Ik was eerst niet zo’n fan van het afval scheiden. Het leek me een heel gedoe, dat gesjouw met zakken.

Maar na een weekje was ik om. Vooral toen ik merkte hoeveel plastic we gebruikten. Ons leven bestond uit plastic. En als je dat niet kon minderen, kon je toch minstens recyclen.

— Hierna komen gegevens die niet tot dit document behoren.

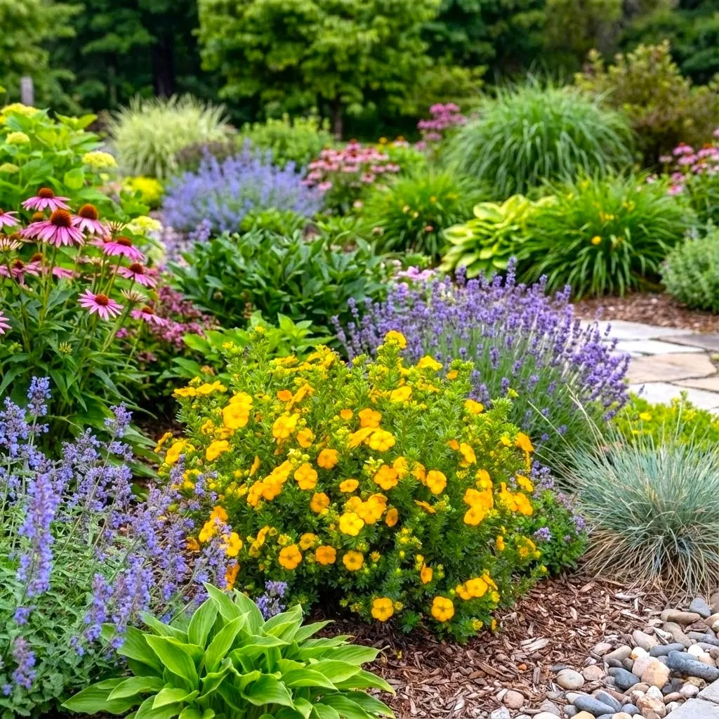 Pierwszych, słonecznych kwiatów możesz spodziewać się już w pierwszym roku po posadzeniu. Pięciorniki te kwitną bardzo obficie i nieprzerwanie, obsypując pędy setkami jaskrawych kwiatostanów przez cały sezon. Aby zachować ich zwarty pokrój i stymulować roślinę do jeszcze intensywniejszego zawiązywania pąków, warto wiosną delikatnie przyciąć krzew. Jest to doskonała odmiana ozdobna, która przy odpowiednich warunkach na stanowisku słonecznym zachowuje swój wyjątkowy, nasycony kolor i świeżość od wczesnego lata aż do późnej jesieni.

Ik werd van een sceptische grijsbakker een brave scheider, en van een scheider een true believer en een evangelist. Scheiden is goed, scheiden tot de dood ons scheidt.

Of HVC.

Het systeem begon na een tijdje te kraken. Af-en-toe was de plasticbak vol, verstopt of deed het gewoon niet meer. Af-en-toe werd regelmatig en regelmatig werd vaak. Brave burgers namen hun plastic weer mee naar huis, minder brave lieden zetten het naast de vastgelopen plastic-container.

Een vuilnisbelt is besmettelijk: staat er één zak, dan staan er snel twee, drie  vier en vijf. Oude tuinstoelen, flatscreen-verpakkingen en afgedankte parasols werden naast de container gepleurd.

Melden bij HVC levert een mailtje op dat de mail is ontvangen. Na een paar dagen wordt trouwhartig gemeld dat het is opgelost. Maar het is helemaal niet opgelost. Het keert vrijwel wekelijks terug, “twee van de drie keer is-ie vol” meldt een buurtbewoner bij de container. Hij gooit zijn plastic – net als ik – weer in de grijze bak.

Het systeem dreigt aan z’n succes ten onder te gaan. HVC heeft er niet op gerekend dat zoveel mensen afval zouden scheiden. Het contract voorziet kennelijk niet in een oplossing waarbij er vaker geleegd of gecontroleerd wordt.

Deze container verdwijnt overigens nog dit jaar. Hij verhuist naar een flatgebouw waar zich binnen de kortste keren dezelfde problemen gaan voordoen. Wij krijgen een bak voor plastic en moeten met het restafval aan de wandel naar een container die natuurlijk dezelfde kuren gaat vertonen als deze. (Wat dan? Je restafval in de plastic-bak? Of het er gewoon maar naast zetten?)

Elke buurt z’n eigen vuilnisbelt.

Eigen schuld, had ik maar niet iedereen van het heil van het scheiden moeten overtuigen.